The term solid acid of the present invention refers to a solid that acts as a proton donor or electron acceptor. Solid acids have the property of discoloring basic indicators or adsorbing bases, just like normal acids. Naturally produced clay minerals such as acidic clay, silica alumina mixed with various ratios of silica and alumina, cation exchange resins, and solid acids (eg, silica gel, alumina, sulfuric acid, phosphoric acid, etc.) And inorganic chemicals such as aluminum oxide.
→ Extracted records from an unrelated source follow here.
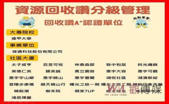 (觀傳媒中彰投新聞)【記者廖妙茜/台中報導】為達台中低碳城市願景,台中市政府環保局積極推動「資源回收讚分級管理計畫」,112年度再添28處生力軍,共26處社區、1處企業及1所大專院校通過「回收讚A+級」認證,成為台中市的績優示範單位,讓環保觀念扎根、擴散;獲獎名單請查詢網址 https://reurl.cc/qLGAdg 。
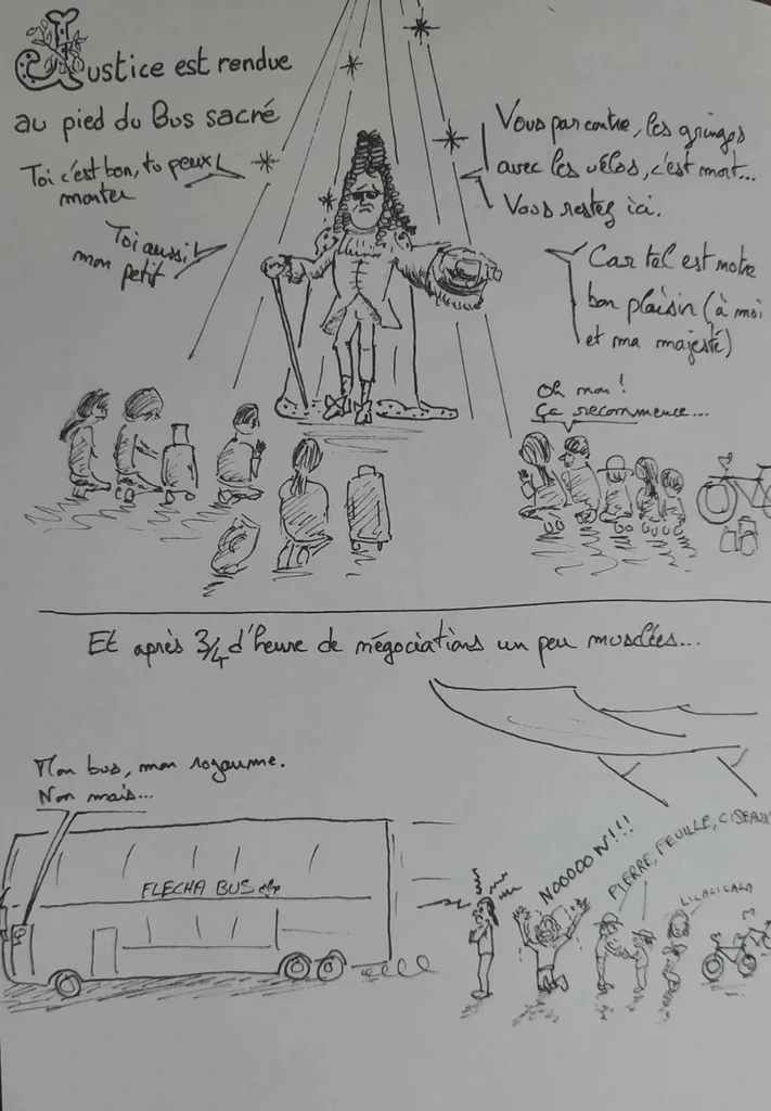 En arrivant à Salta, la première chose que nous faisons donc est de nous rendre au terminal de bus afin d’anticiper autant que faire se peut les problèmes liés au transport de vélos dans les bus argentins. Après quelques demandes infructueuses auprès de diverses compagnies (qui nous refusent toutes les vélos et nous demandent de les envoyer à part en colis), la chance semble nous sourire avec FlechaBus. Camila, au guichet, prend le temps d’écouter la description exacte de tout notre barda et nous assure que, si si, il sera tout à fait possible de voyager avec nos vélos. Nous sommes un peu surpris (au regard de notre propre expérience et de celle d’autres cyclos), mais demandons de façon très claire, montrons des photos, et insistons lourdement pour être sûrs que Camila ait bien compris le volume avec lequel nous voyageons. Pour optimiser nos chances de réussir à monter dans le bus, nous achetons les billets et l’excédent bagage pour le 1ᵉʳ décembre, dans six jours. C’est un lundi, normalement le jour où les bus sont les moins pleins : mettons toutes les chances de notre côté !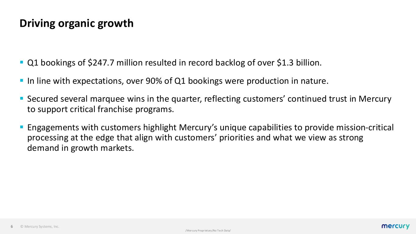 © Mercury Systems, Inc. /Mercury Proprietary/No Tech Data/ Delivering predictable performance ▪ Focus on delivering predictable performance positively impacted results, primarily in three areas. ▪ Continued progress on mitigating what we believe to be predominantly transitory impacts. ▪ Continued progress in ramping toward full rate production in our Common Processing Architecture product area. ‒ Expect to have full capacity online as we move through the second half of the year. ‒ Progress in the quarter contributed to over $50 million in follow-on orders in this area. ▪ Focus on improved operational performance generated acceleration of deliveries in the quarter. 5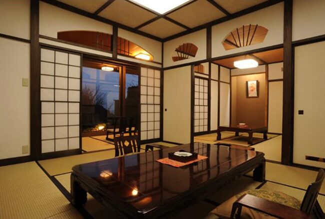 The traditional Japanese interiors—tatami flooring, futon bedding, and artful details such as ranma and fusuma—are gently complemented by modern comforts.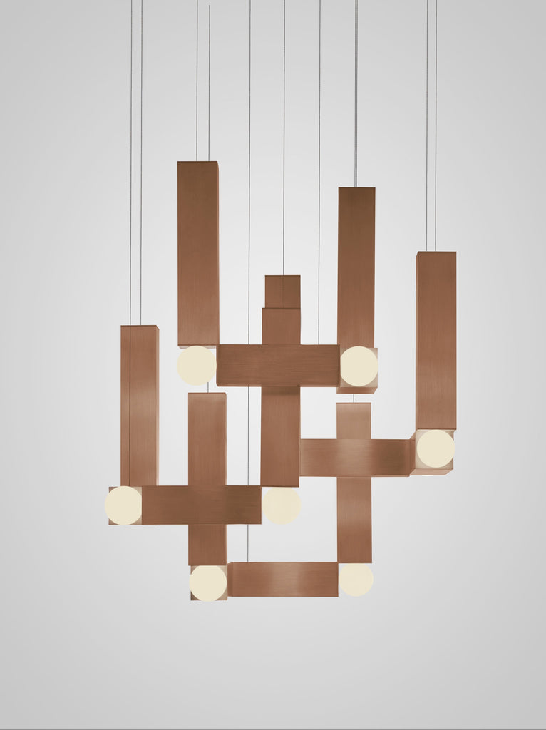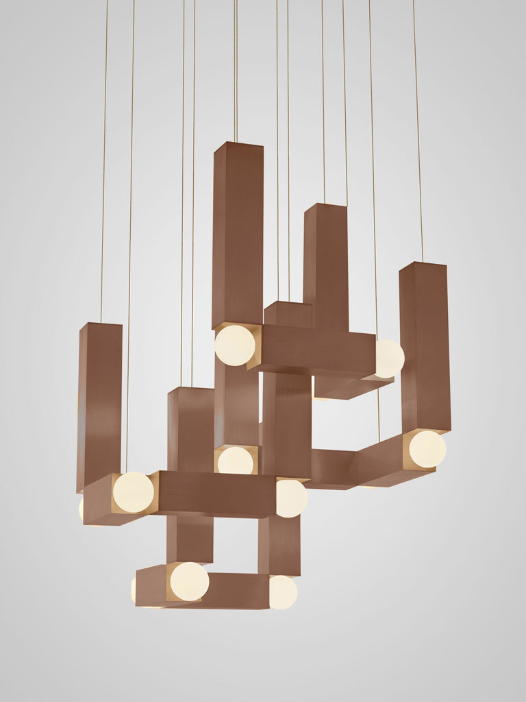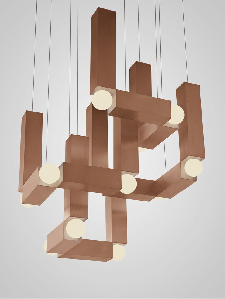 Vesper is inspired by the simple geometric lines of Brutalist sculpture and modernist cathedral lighting. Formed with extruded aluminium and available in anodized gold, bronze or silver, Vesper explores the delicate balance and interconnection of its rectangular cubes that are seamlessly connected by illuminated spheres. The light sculpture, which is suspended by cables, is available in both Duo and Quattro versions.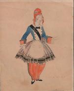« Pour Cocotte de la Halle », encre et aquarelle, signé en bas à droite, 15,5 x 12,5 cm ; Dessin du costume de cantinière de Cocotte à La Fête au village de Montmartre de 1932, fête de la République au Moulin de la Galette.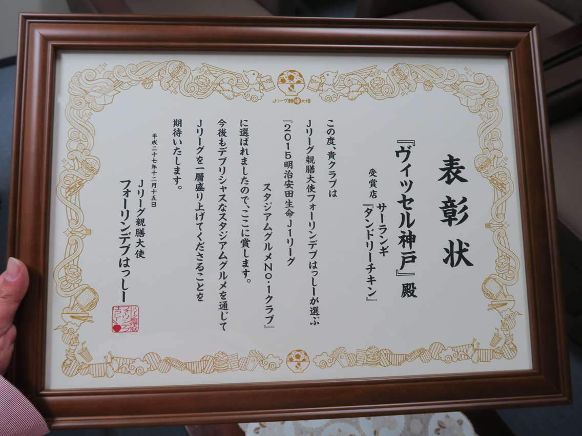 「ヴィッセル神戸」に決定! そして受賞店は「サーランギ」のタンドリーチキンです!

In particular, it is known that the properties as a catalyst is important and excellent in activity and selectivity as compared to a homogeneous acid solvent.

In the present invention, the solid acid catalyst is zeolite, bentonite, benolinite, kaolinite, attapulgite, montmorillonite, zinc oxide (ZnO), aluminum oxide (Al ₂ O _3). ), Titanium oxide (TiO ₂ ), cesium oxide (CeO ₂ ), vanadium oxide (V ₂ O ₅ ), silicon oxide (SiO ₂ ), chromium oxide (Cr ₂ O ₃ ), calcium sulfate (CaSO ₄ ), manganese sulfate (MnSO ₄ ), nickel sulfate (NiSO ₄ ), copper sulfate (CuSO ₄ ), cobalt sulfate (CoSO ₄ ), cadmium sulfate (CdSO ₄ ), magnesium sulfate (MgSO ₄ ), iron sulfate (FeSO ₄ ), aluminum sulfate (Al ₂ (SO ₄ ) ₃ ), calcium nitrate (Ca (NO ₃ ) ₂ ), zinc nitrate (Zn (NO ₃ ) ₂ ), iron nitrate (Fe (NO ₃ ) ₃ ), aluminum phosphate (AlPO ₄ ), iron phosphate (FePO ₄ ), chromium phosphate (CrPO ₄ ), copper phosphate (Cu ₃ (PO ₄ ) ₂ ), zinc phosphate (Zn ₃ (PO ₄ ) ₂ ), magnesium phosphate (Mg ₃ (PO ₄ ) ₂ ), aluminum chloride (AlCl ₃ ), titanium chloride (TiCl ₄ ), calcium chloride (CaCl ₂ ), calcium fluoride (CaF ₂ ), barium fluoride (BaF ₂ ), calcium carbonate (C aCO ₃ ), magnesium carbonate (MgCO ₃ ) and a cation exchange resin, it may be characterized in that the cation exchange resin (trade name: Amberlyst 15, A21, 36, 70), more preferably Amberlyst36 can be used.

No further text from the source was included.